→ What you have to do: What is wanted is every line below from the one with "HMC742 6-Bit Digital" up to and including the one with "- Apply a thin", retyped exactly, pictures excluded, nothing else.
*** Opening Data to use ***
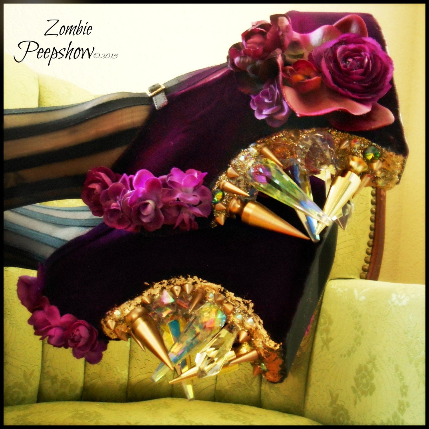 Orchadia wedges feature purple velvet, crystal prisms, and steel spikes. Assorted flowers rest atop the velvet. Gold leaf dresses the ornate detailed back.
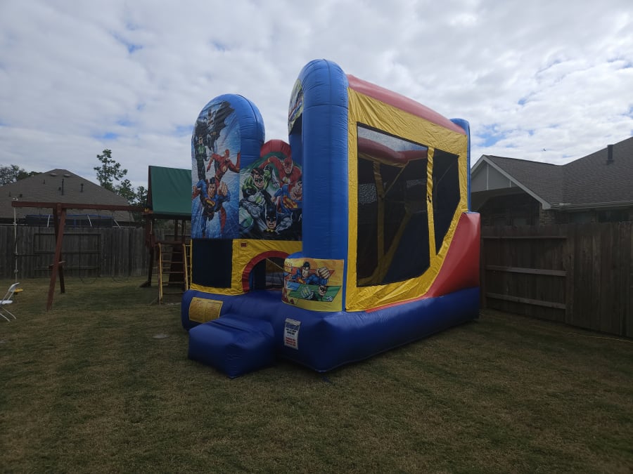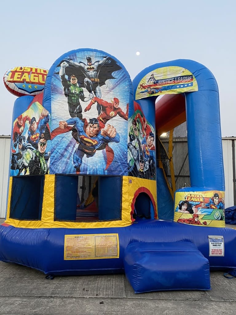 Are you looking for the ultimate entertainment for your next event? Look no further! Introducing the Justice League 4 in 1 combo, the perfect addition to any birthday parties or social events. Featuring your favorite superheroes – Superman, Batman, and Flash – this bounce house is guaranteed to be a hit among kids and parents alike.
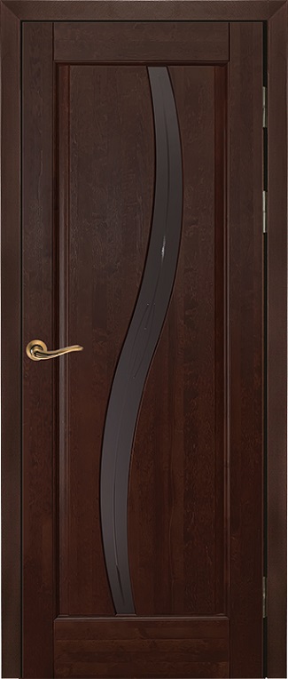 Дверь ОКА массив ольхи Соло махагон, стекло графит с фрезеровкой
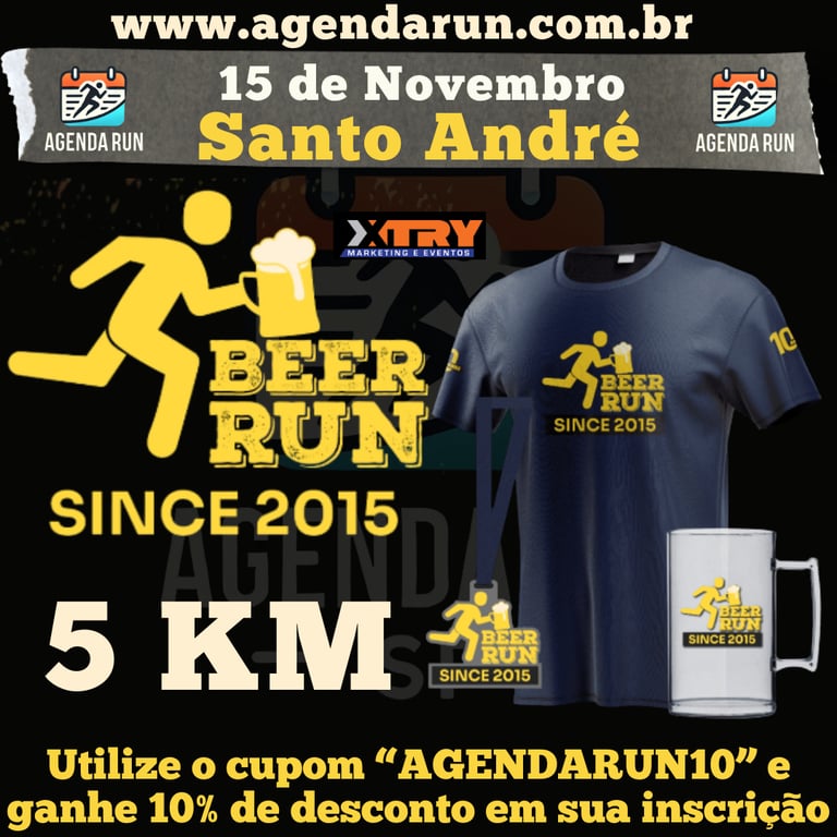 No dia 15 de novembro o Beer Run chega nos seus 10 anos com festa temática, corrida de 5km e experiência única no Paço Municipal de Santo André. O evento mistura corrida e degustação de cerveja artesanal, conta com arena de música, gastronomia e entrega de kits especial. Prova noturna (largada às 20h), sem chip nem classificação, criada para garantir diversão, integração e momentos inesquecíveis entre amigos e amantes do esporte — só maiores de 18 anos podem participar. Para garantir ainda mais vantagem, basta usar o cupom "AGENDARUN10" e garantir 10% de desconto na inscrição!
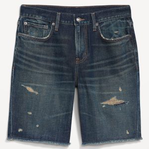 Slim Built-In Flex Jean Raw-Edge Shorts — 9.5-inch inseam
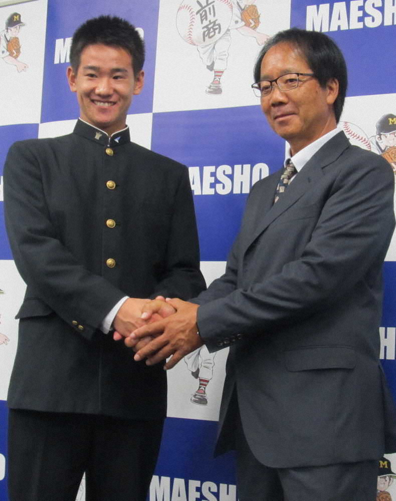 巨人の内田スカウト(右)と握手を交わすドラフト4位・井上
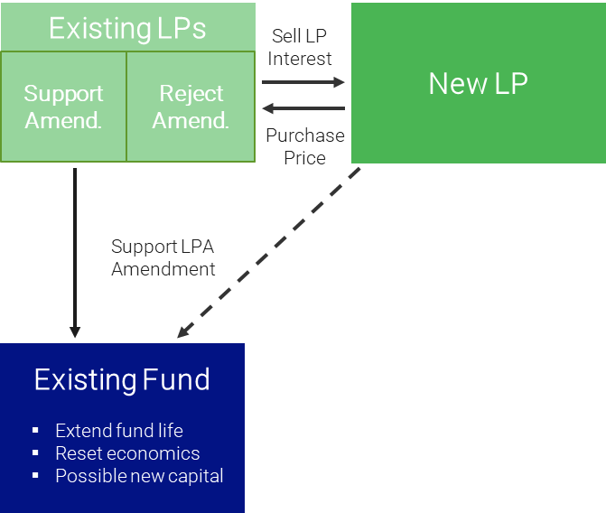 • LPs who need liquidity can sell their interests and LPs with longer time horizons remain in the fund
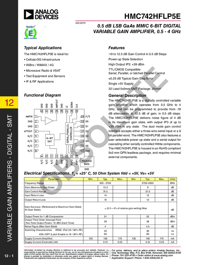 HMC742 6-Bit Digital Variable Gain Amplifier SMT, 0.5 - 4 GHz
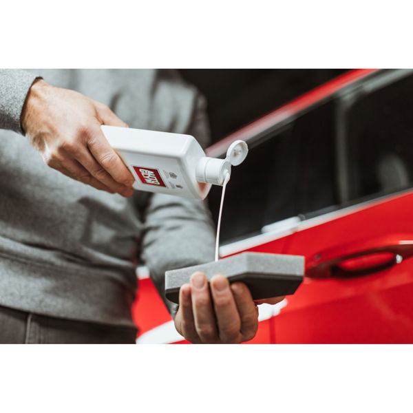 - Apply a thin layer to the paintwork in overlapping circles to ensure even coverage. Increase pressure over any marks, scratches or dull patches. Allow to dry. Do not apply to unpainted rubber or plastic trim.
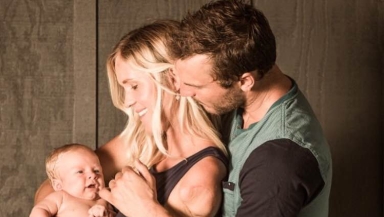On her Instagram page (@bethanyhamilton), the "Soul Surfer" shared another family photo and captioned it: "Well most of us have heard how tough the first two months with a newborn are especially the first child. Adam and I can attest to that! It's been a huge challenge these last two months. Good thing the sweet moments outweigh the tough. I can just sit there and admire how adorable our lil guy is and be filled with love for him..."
*** Closing Data to use ***
*** Opening Data to use ***
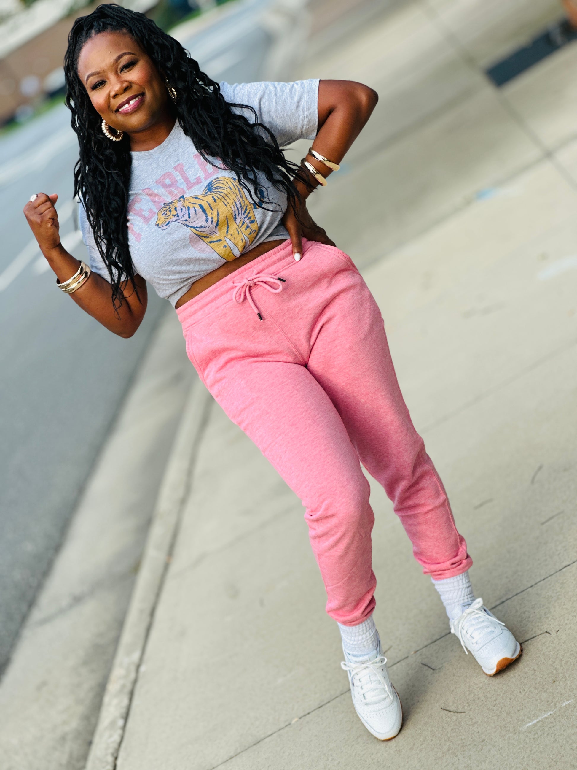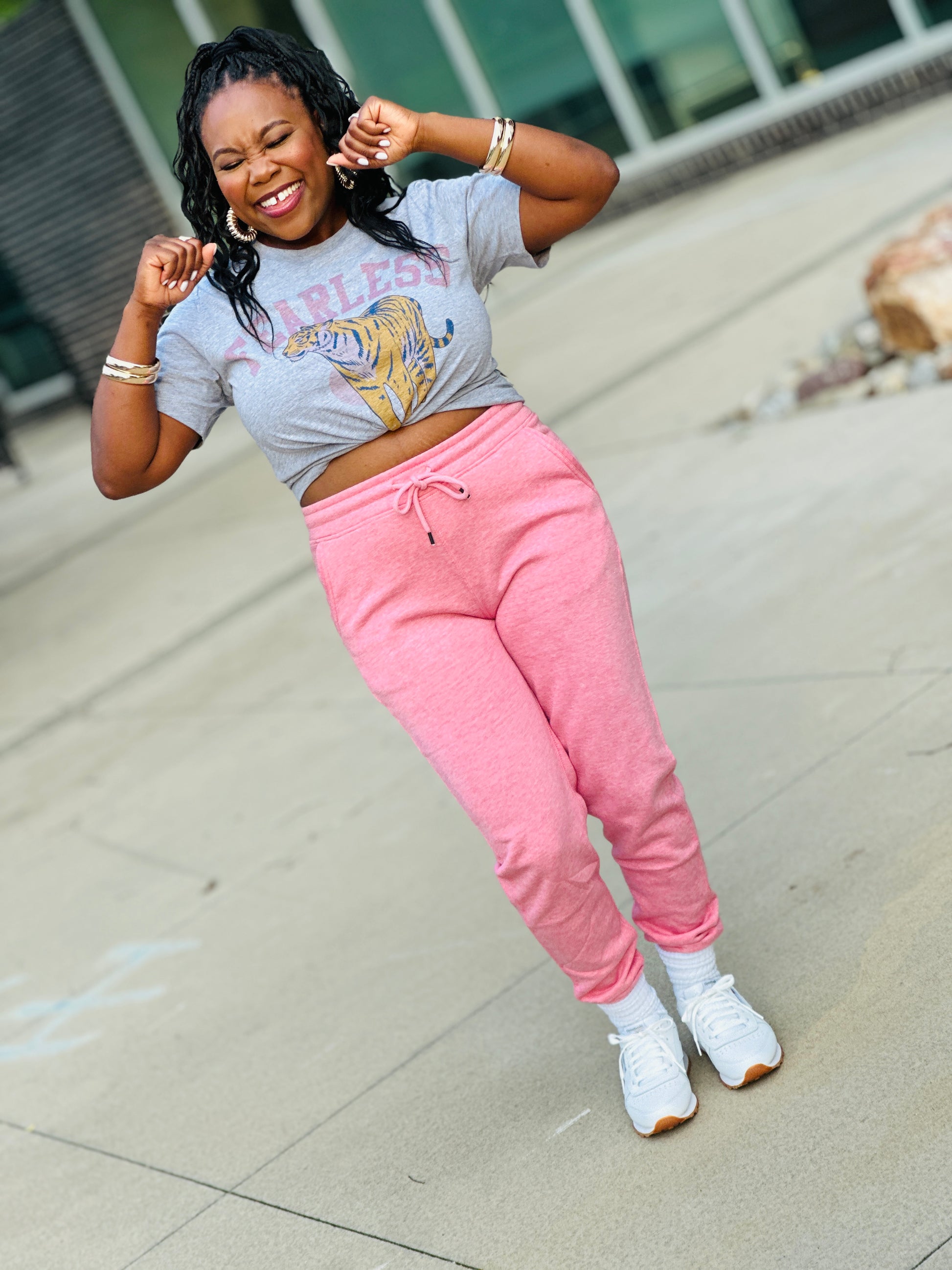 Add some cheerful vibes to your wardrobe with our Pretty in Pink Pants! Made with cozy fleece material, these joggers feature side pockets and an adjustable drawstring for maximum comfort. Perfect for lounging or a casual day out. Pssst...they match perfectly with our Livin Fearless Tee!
*** Closing Data to use ***
*** Opening Data to use ***
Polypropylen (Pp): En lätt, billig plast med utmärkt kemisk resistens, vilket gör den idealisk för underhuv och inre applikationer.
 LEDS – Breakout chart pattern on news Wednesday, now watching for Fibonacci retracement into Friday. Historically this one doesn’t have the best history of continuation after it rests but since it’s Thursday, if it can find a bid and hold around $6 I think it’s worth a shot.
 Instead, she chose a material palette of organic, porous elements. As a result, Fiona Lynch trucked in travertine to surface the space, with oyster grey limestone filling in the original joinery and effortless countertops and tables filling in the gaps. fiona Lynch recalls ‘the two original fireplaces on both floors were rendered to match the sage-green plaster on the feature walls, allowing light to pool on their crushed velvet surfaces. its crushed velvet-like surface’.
*** Closing Data to use ***
→ Exercise answer:
 HMC742 6-Bit Digital Variable Gain Amplifier SMT, 0.5 - 4 GHz
 - Apply a thin layer to the paintwork in overlapping circles to ensure even coverage. Increase pressure over any marks, scratches or dull patches. Allow to dry. Do not apply to unpainted rubber or plastic trim.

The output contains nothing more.